But the longer-term consequences of the sanctions are likely to be much more severe, in particular if they spill into a wider economic war. Sanctions and their harm on business confidence are expected to greatly reduce Russia’s trade and investment with the West for decades. The war has also brought into question again the reliability of global supply chains and reinforced previous calls for developing strategic industries domestically and strengthening economic sovereignty. If the globalization process of the last three decades is over and current sanctions escalate into a global economic war, the loss of productivity from dismantling the international division of labor could be substantial. A recent study found that a 1.0 percent increase in economic globalization raised productivity by 0.5 percent in Organisation for Economic Co-operation and Development (OECD) countries in the long run. Deglobalization would shave that off both productivity and real GDP growth rates.
Hefty sanctions also usefully serve the less conspicuous interests of governments, which also makes them hard to lift. The embargo on Russian energy, which sent the prices of oil and gas through the roof, is helping accelerate the transition from fossil energy, but raises the social costs of implementing Green Deal plans rapidly. The push for rearmament increases public spending and taxation, usually to the benefit of the military-industrial complex.

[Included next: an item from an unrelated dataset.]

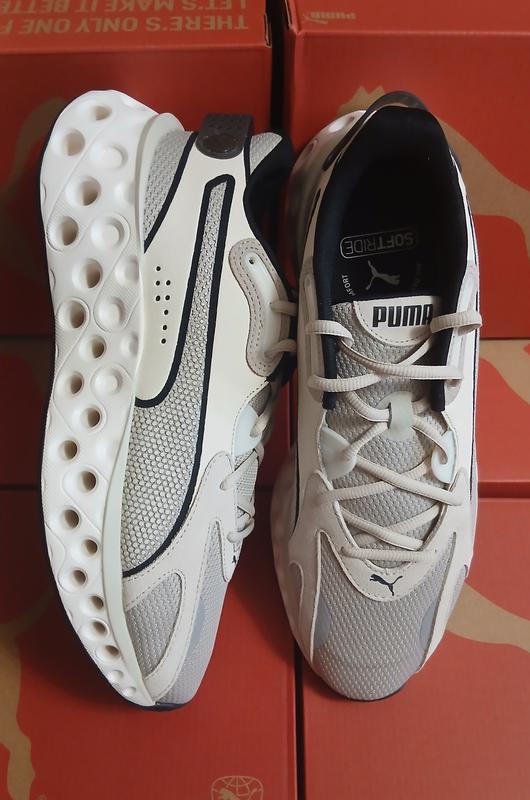 Размеры: 42;44;45;46 Бренд: Puma Цвет: бежевый/черный Модель: SOFTRIDE FREQUENCE Назначение кроссовок: для бега и фитнеса Сезон: весна, лето материал: 60% текстиль, 20% синтетика, 20% кожа

In addition to the unfortunate loss of human lives, tremendous suffering, and economic destruction, wars go hand in hand with a tightening of government control over civil liberties and dilution of human rights.
Murray N. Rothbard recognized this all too well when he exposed his libertarian position against all wars waged by the state. Despite any good intentions, it is almost inevitable that any interstate war would involve aggression toward private individuals and their property on each side of the conflict, either through military action, conscription, or taxation. Therefore, Rothbard calls for the swift ending of any war and warns that “domestic tyranny … is the inevitable accompaniment of inter-State war, a tyranny that usually lingers long after the war is over.”